Work task: Could you set down exactly the lines in the records below between the line holding "So I thought" and the line holding "Mulmul Cotton Saree", inclusive?

[Record excerpts]

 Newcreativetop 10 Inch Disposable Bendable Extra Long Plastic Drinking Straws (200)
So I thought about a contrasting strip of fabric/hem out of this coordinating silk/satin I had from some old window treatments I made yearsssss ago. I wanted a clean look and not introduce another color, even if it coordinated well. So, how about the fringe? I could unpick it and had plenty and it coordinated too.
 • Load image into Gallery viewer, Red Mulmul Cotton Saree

[/Record excerpts]
[Record excerpts]

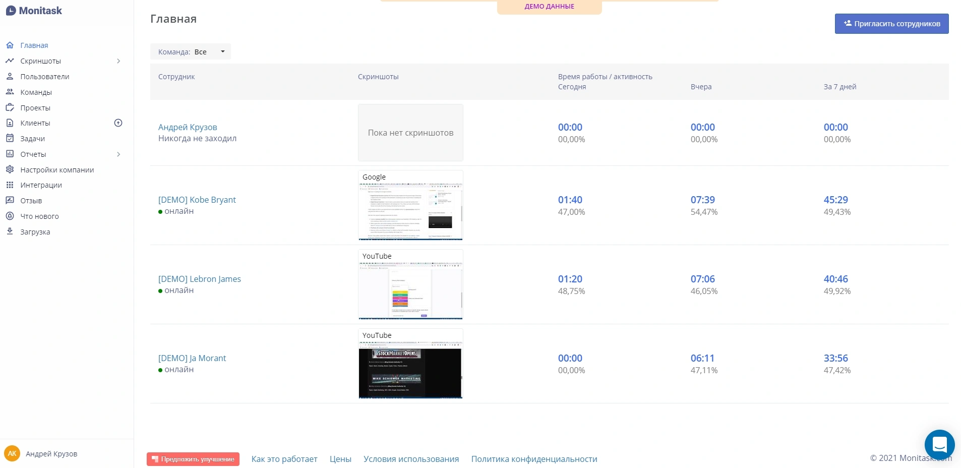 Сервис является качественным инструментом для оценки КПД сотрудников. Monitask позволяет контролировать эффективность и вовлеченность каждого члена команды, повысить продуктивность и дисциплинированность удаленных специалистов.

[/Record excerpts]
[Record excerpts]

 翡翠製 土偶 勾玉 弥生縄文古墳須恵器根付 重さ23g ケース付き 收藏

[/Record excerpts]

Task answer:
So I thought about a contrasting strip of fabric/hem out of this coordinating silk/satin I had from some old window treatments I made yearsssss ago. I wanted a clean look and not introduce another color, even if it coordinated well. So, how about the fringe? I could unpick it and had plenty and it coordinated too.
 • Load image into Gallery viewer, Red Mulmul Cotton Saree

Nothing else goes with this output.